> [What you will do]:
For the records that follow, say how many lines have the word "Schulen" in them. Write the number and nothing more.

____ Record extracts

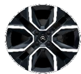
18 Zoll Leichtmetallfelgen HANOI
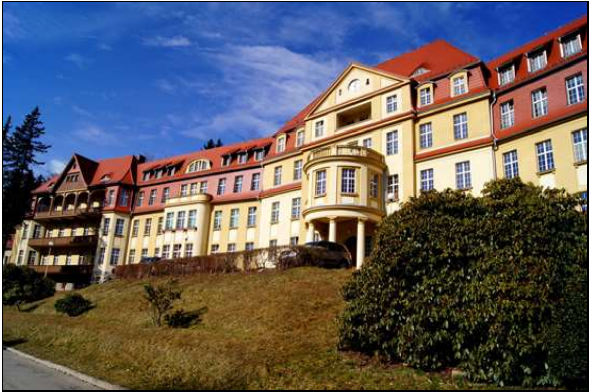
Rysunek 8. Szpital "Bukowiec" w Kowarach
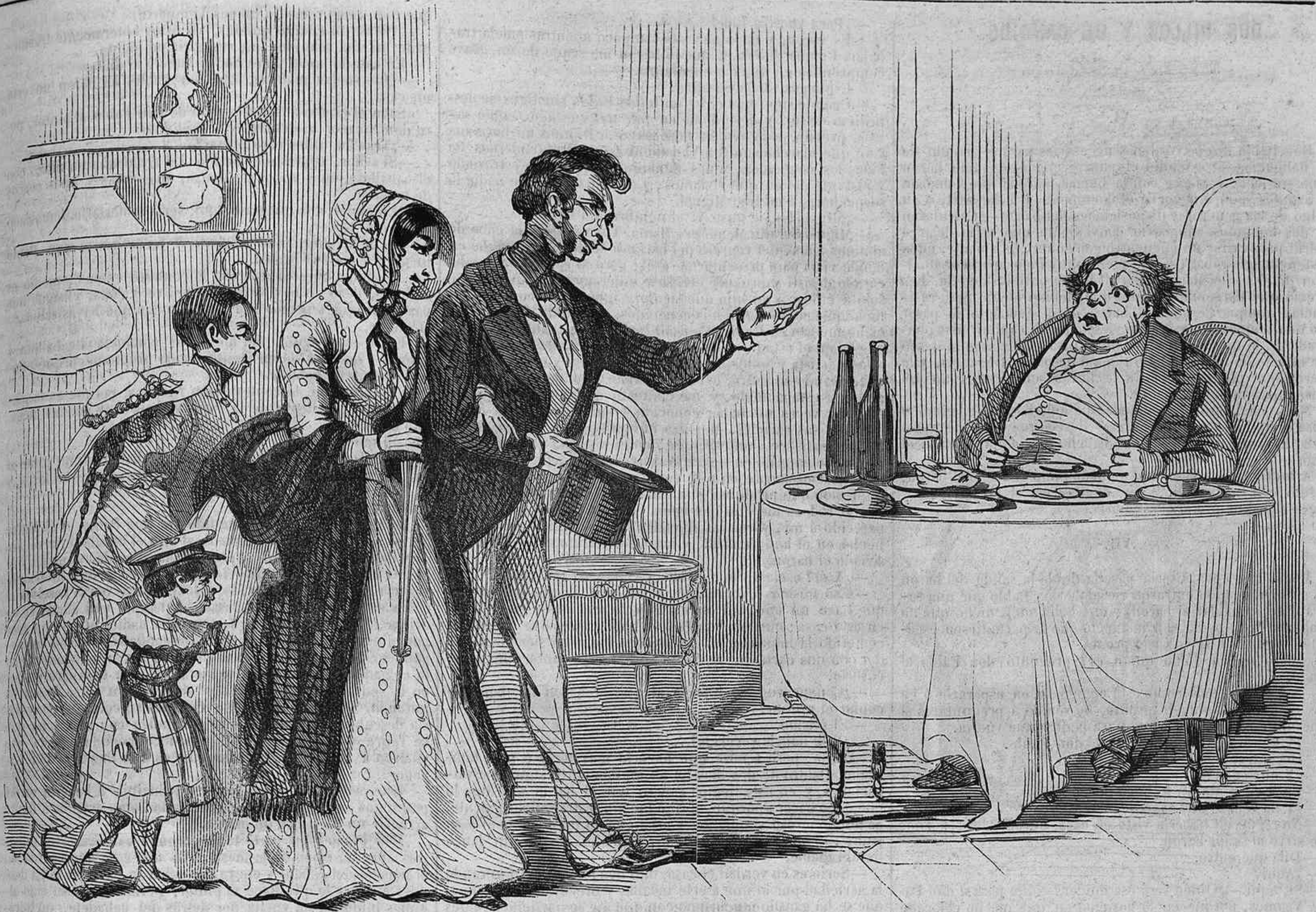
Una visita agradable.

—Buenos dias, querido tio... vivan las diligencias; salimos á las ocho de Madrid y llegamos á esta quinta justamente á la hora de comer.
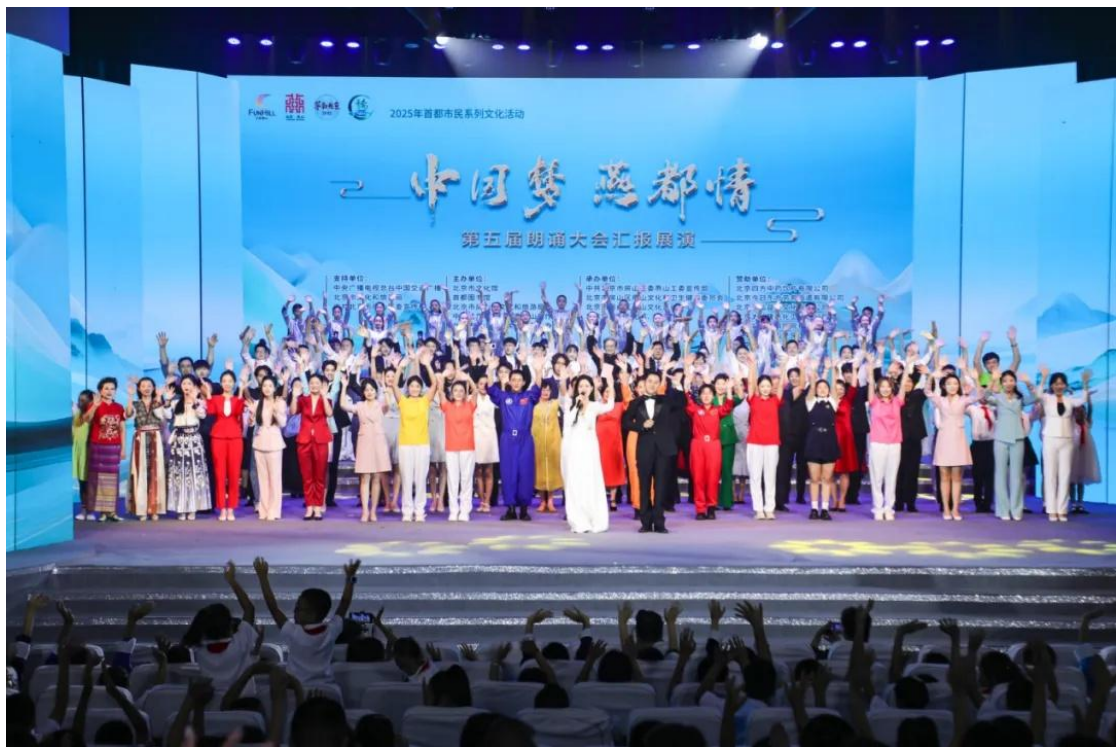
图 2-10 北戏参加“中国梦·燕都情”第五届朗诵大会总决赛

这两项重要赛事成绩的取得，是全院师生精益求精、勇攀高峰精神风貌的展示，也是学院深化人才培养模式改革、肩负起传承弘扬中华优秀传统文化使命的具体实践。通过赛事的锤炼，进一步激发了学生的文化自信与艺术创新活力，为促进学生的全面健康成长与服务社会主义文化强国建设注入了坚实力量。
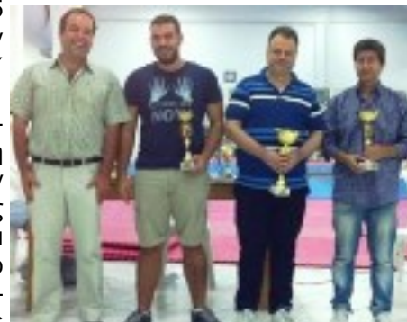
Οι 3 πρώτοι νικητές του α΄ ομίλου

Το τουρνουά είναι αφιερωμένο στην Εθνική Αντίσταση κατά των δυνάμεων κατοχής 1940-44 και διοργανώθηκε από το Δήμο Νίκαιας-Αγ.Ι.Ρέντη σε συνεργασία με τον
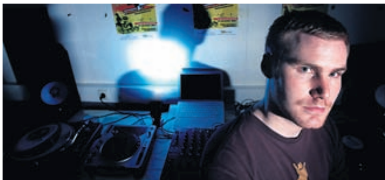
Sumar og sól á Venue Guðni Einarsson lofar góðri stemningu á skemmtistaðnum Venue annað kvöld.
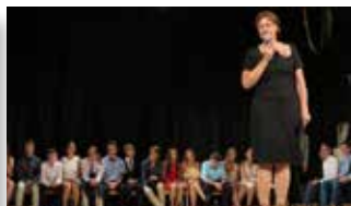
Nagovor ravnateljice OŠ Šentvid
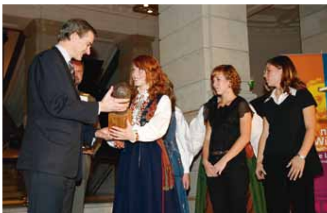
Foto: Jonas Gahr Støre overrekker Willy-Brandt-prise 2006 til elever ved de prisvinnende skolene / Jonas Gahr Støre überreicht den Willy-Brandt-Preis 2006 an Schülerinnen der ausgezeichneten Schulen.

Mit ihrer langjährigen aktiven Arbeit im Schüler-Austausch zwischen Norwegen und Deutschland trugen die drei Schulen zu wachsenden Kenntnissen über die Kulturen beider Länder und damit zu einem größeren Verständnis zwischen Norwegen und Deutschland – auch auf persönlicher Ebene – erheblich bei.
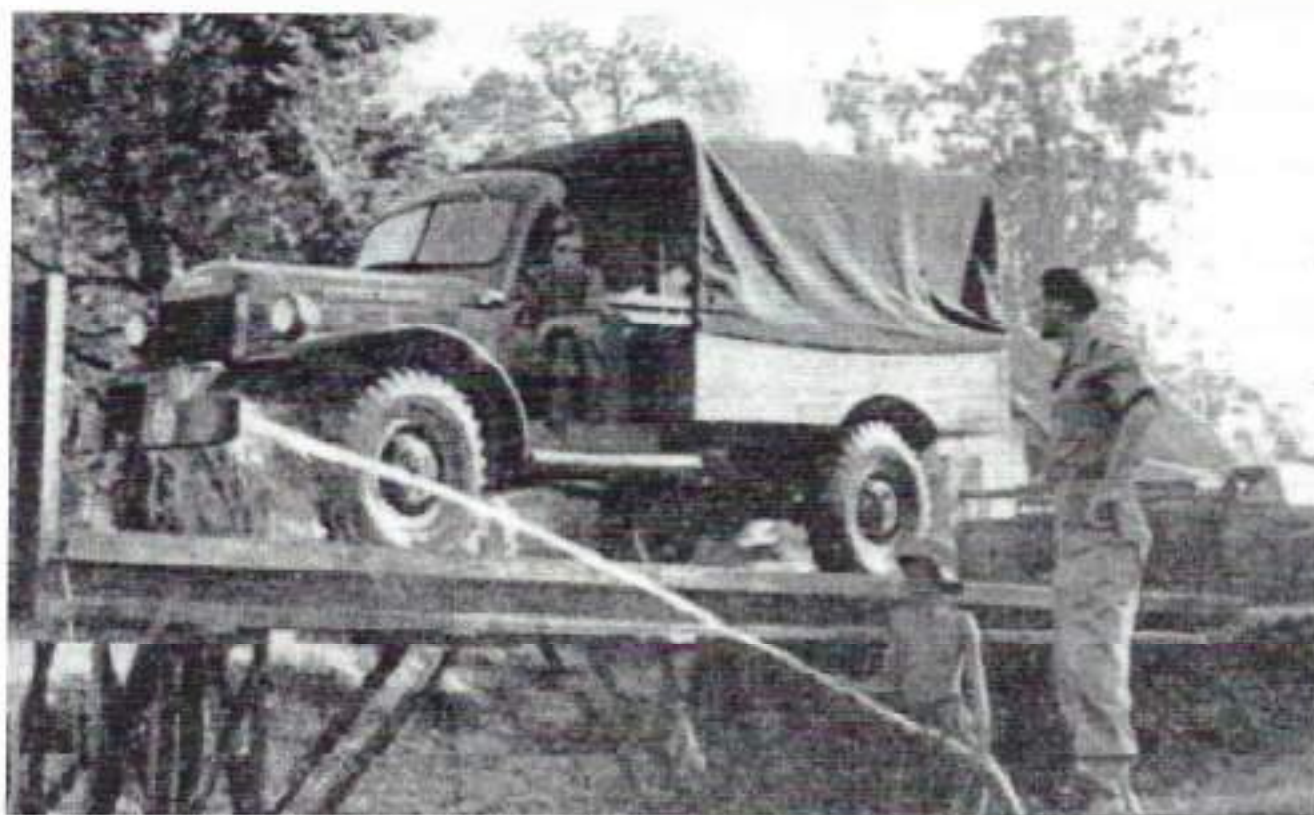
Grote schoonmaak was een vereiste vóór de inspectie
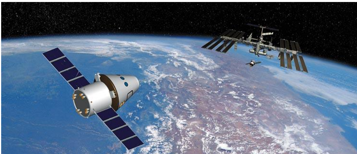
Дистанционное зондирование Земли из космоса

получать снимки в синей, зеленой, красной и инфракрасной зонах спектра. У первой системы разрешение на местности будет составлять 2 метра, у второй — 10. Космические снимки, выполненные панхроматической аппаратурой, можно использовать для составления геологических карт масштаба 1:25 000 — 50 000, а мультиспектральной — для 200-тысячного масштаба. И та и другая информация нужна для проведения новой геологической съемки территории Беларуси, прежде всего при изучении покровных четвертичных образований и связанных с ними полезных ископаемых.
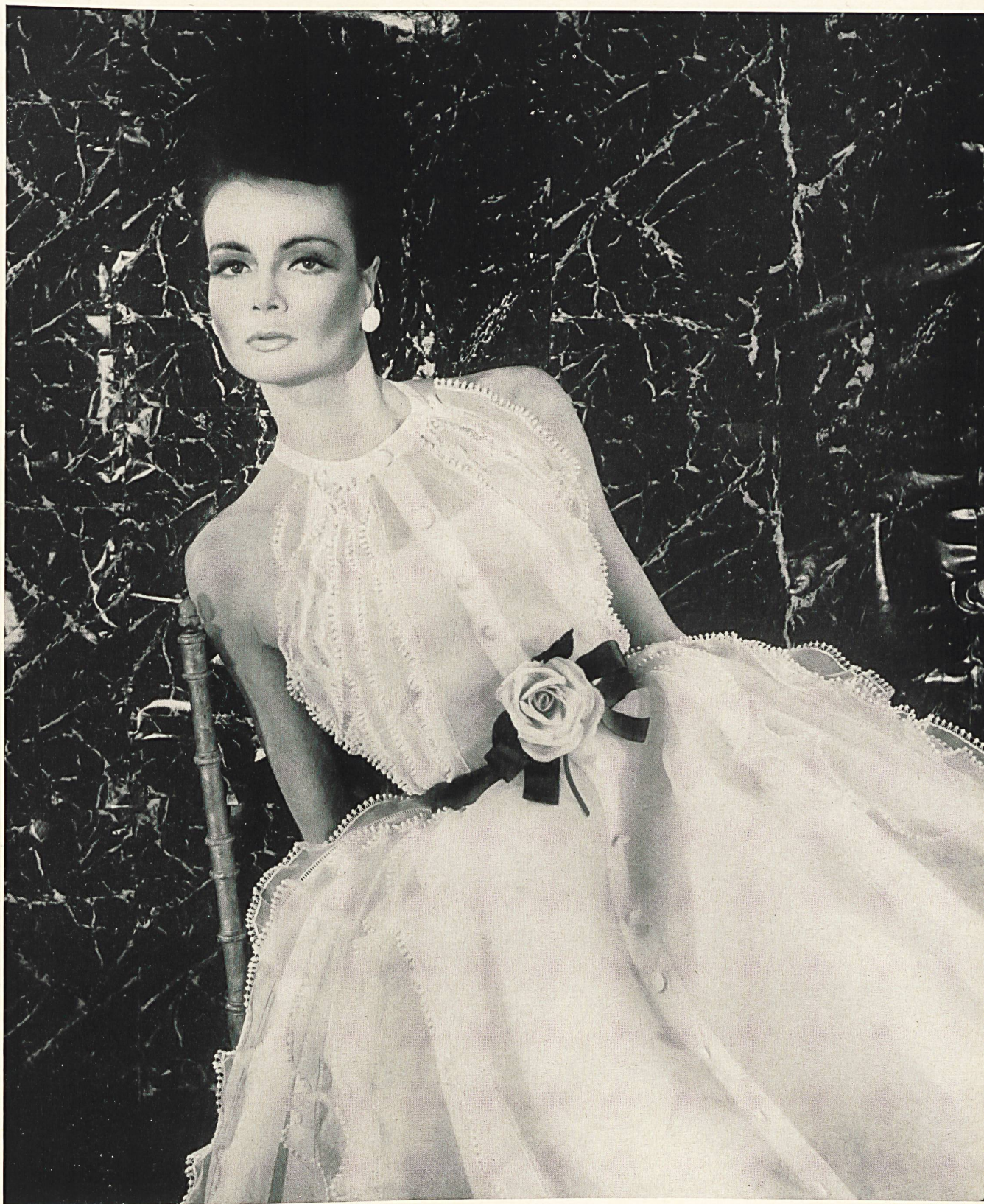
CHRISTIAN DIOR Galons de guipure et broderies sur organdi blanc de Union S. A., Saint-Gall
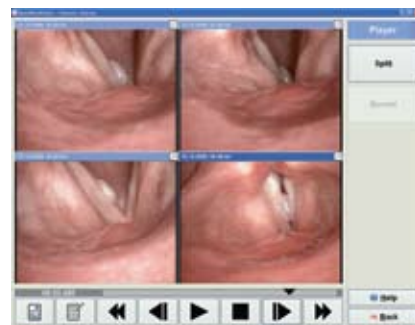
Aufzeichnung, Einzelbilder, Bearbeitung

Einsteigerversion: leistungsfähige Funktionen für Aufzeichnung, Wiedergabe und Archivierung von Videos oder Einzelbildern
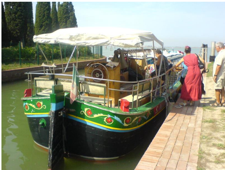
« Il bragozzo... »

________

> [Solution]:
2